It does. Read the description from its creator.
I just necroposted to an
old thread in which Johnson Lau came up with
a numbering system for satoshis, which I independently also came up with a decade later. I think it's worth giving its own thread, so I'll copy what I posted here:
So, funny story, in the beginning of 2022, I came up with the exact same scheme discussed in this thread. After I finished the scheme, I realized that
it was basically serial numbers for satoshis, typed "satoshi serial numbers" into Google, and found this post. It feels natural extension to bitcoin, so it makes sense that multiple people have come up with it over the years.

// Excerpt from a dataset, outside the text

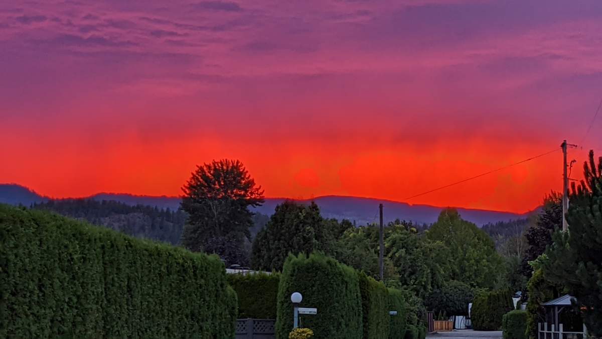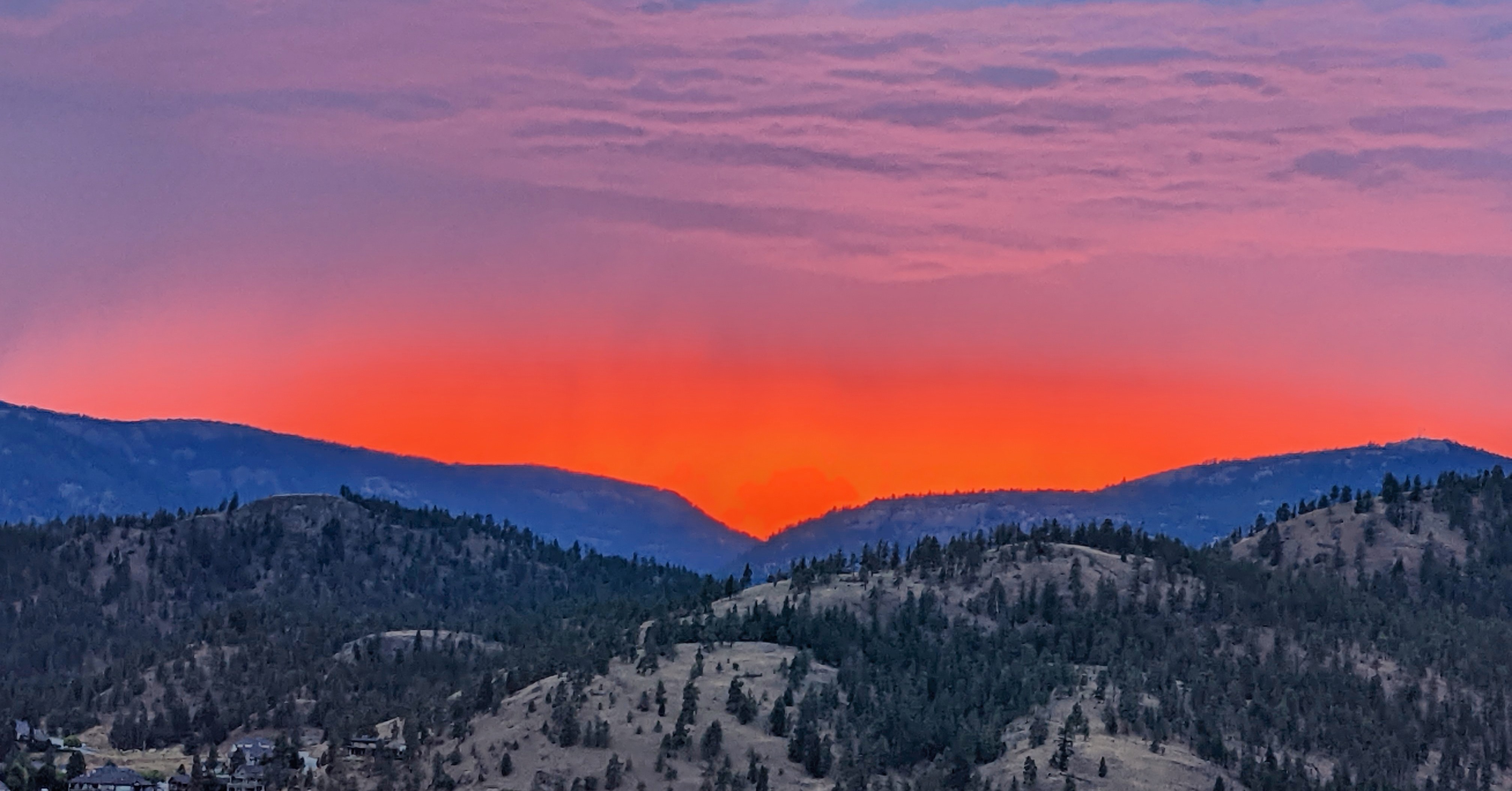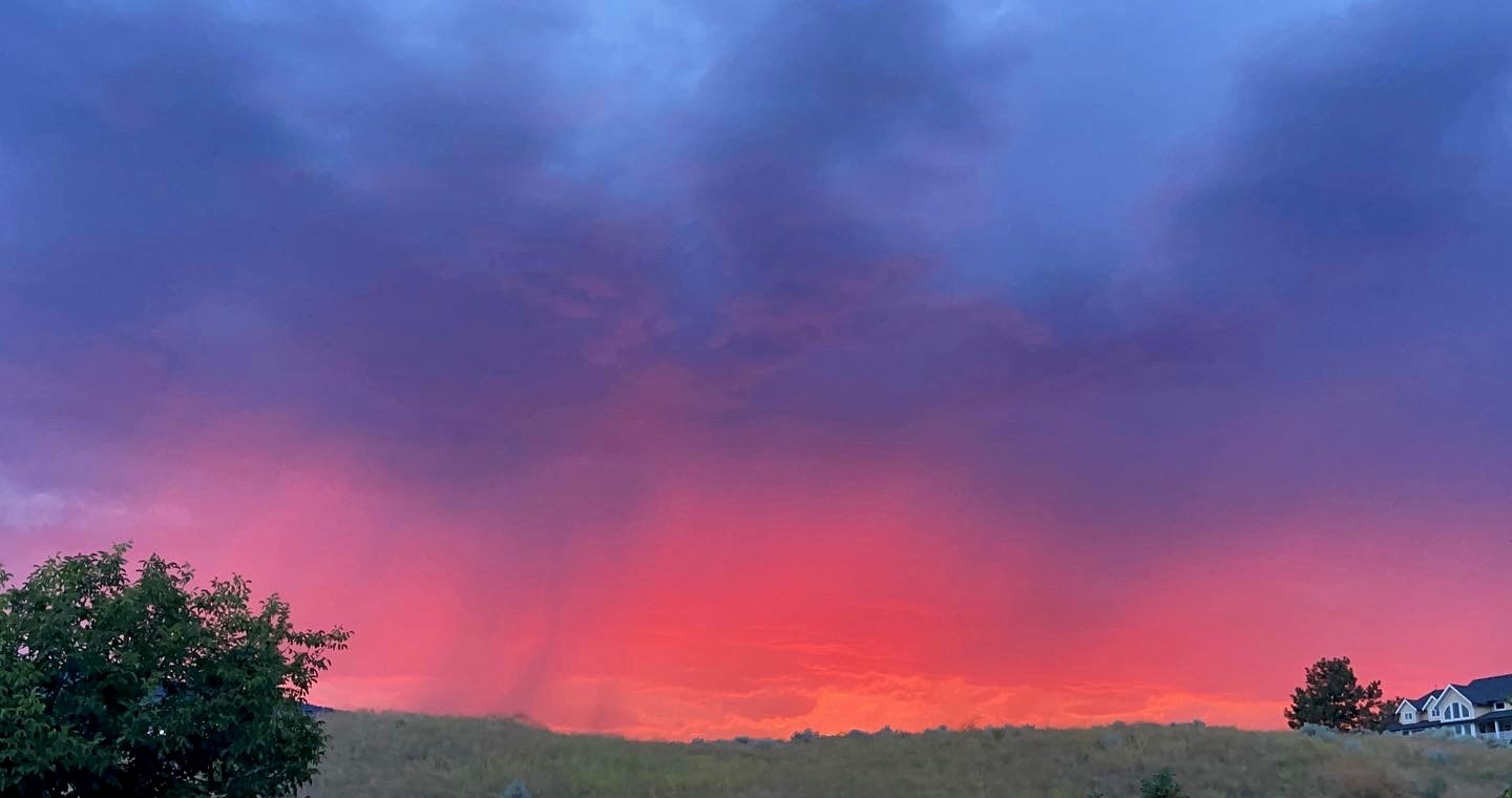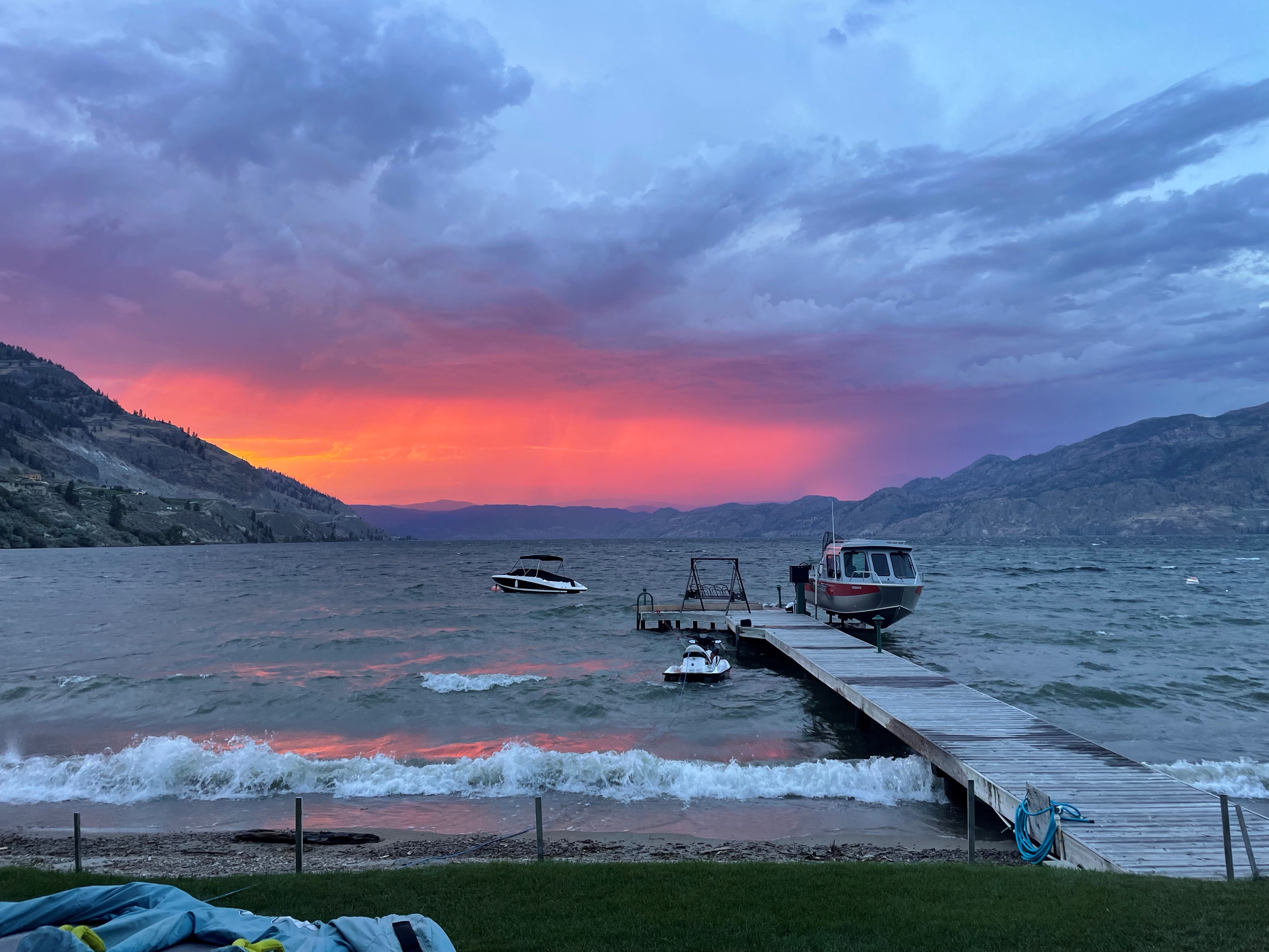 The Okanagan skies were ablaze with colour on Thursday at sunset when a thunderstorm rolled into the region.

I called it "ordinal theory" or "ordinals", because it uses order in multiple places:
- The order of satoshis in the supply of satoshis, for numbering
- The order of inputs and outputs of a transaction, for inheritance
- The order of transactions in a block, for inheritance of fees
I've spent the last year implementing it, so just 10 years after the OP, you can finally try it out!
The binary, written in Rust, is called
ord, and the code is on GitHub at
https://github.com/casey/ord.
I has a bunch of functionality:
...
- An index that connects to a Bitcoin Core node instance and tracks the location of all sats.
...
- A rarity system: common = not the sat of the block, uncommon = first sat of the block, rare = first sat after a difficulty adjustment, epic = first sat after a halving, legendary = first sat after a conjunction, which is the difficulty adjustment and the halving happening on the same block, which happens every 6 halvings, and mythic = first sat of genesis block.